Leaning back into the silly chair, Bliss talked very simply and with compassion about an old lady whose handbag had been stolen by two young women in a mail-order surplus store and who’d been so upset that she’d subsequently passed away.

‘This old lady,’ Bliss said, ‘her name was Cynthia Wise, from Bobblestock. She had five children and, I think, sixteen or seventeen grandchildren?’

All this background had been waiting for him when he’d arrived at Gaol Street, well before dawn. A little fizz in the air at a normally cheerless hour.

‘I never knowed her, Mr Francis. I never goes near Bobblestock.’

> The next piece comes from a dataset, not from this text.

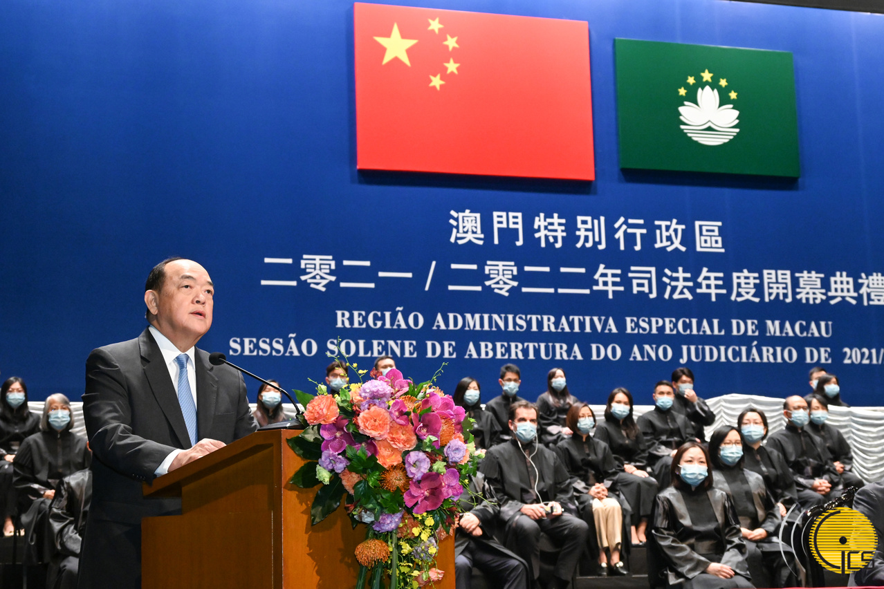 O Chefe do Executivo da Região Administrativa Especial de Macau (RAEM), Ho Iat Seng, ao discursar, hoje (20 de Outubro), na sessão solene de abertura do Ano Judiciário de 2021/2022, afirmou que o Estado de Direito é um dos princípios basilares de Macau e para solidificar este valor nuclear, é imperioso defender firmemente a dignidade e a autoridade da Constituição e da Lei Básica. Indicou que os órgãos judiciais, no estrito cumprimento dos deveres constitucionais consagrados na Lei Básica, têm contribuído de forma ímpar para o sucesso da aplicação do princípio «um país, dois sistemas» em Macau.
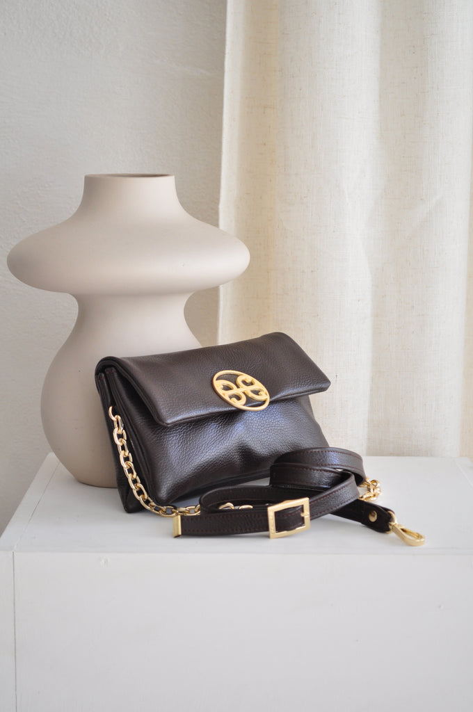 Clelia Mini Δερμάτινη Τσάντα Ώμου - Dark Brown

‘Yeh, but what a tragic story, eh, Goldie? Could be you, couldn’t it? In a year or two. Y’know, if that was my gran, God rest her little old soul, I’d feel more than a bit aggrieved at these people coming from the fringes of the Euro-heap, as good as murdering innocent pensioners for a cheap handbag and a couple of twenties. Cause the death of a decent, much-loved old lady and what happens to them if they get nicked? First offence. Bugger all! What kind of justice is that, Goldie?’

‘I still don’t know…’ Goldie’s cold eyes jittering just enough for him to know he was in ‘… what you wants.’

‘Well, I haven’t actually made up me mind, yet, but I’m… you know, I’m wairkin ’ on it.’

‘Always helped you out, Mr Francis, you knows that.’ Goldie folding her arms, hands vanishing into the opposite sleeves. ‘I do’s everythin’ in my powers to help the police.’

Bliss sniffed.

‘Not done much at all, the more I think about it. Nor’enough to melt me stony heart on this one.’

‘Well, I don’t know about no handbags.’ Goldie so far back in the chair now that you could hear its fibres twisting. ‘You won’t find no handbags yere, thass a damn fact.’

‘Well, no, the only place I’d expect to find a stolen handbag is at the bottom of the Wye with a brick inside.’ Oh yes… closing in. ‘I suppose you could try talking to me. Maybe a few anecdotes you’ve heard from your clientele and the gentlefolk around the Plas. Bearing in mind that I don’t care where it comes from if it’s sufficiently entertaining and contains an element of verifiable truth, and… You’ve gone quiet, Goldie.’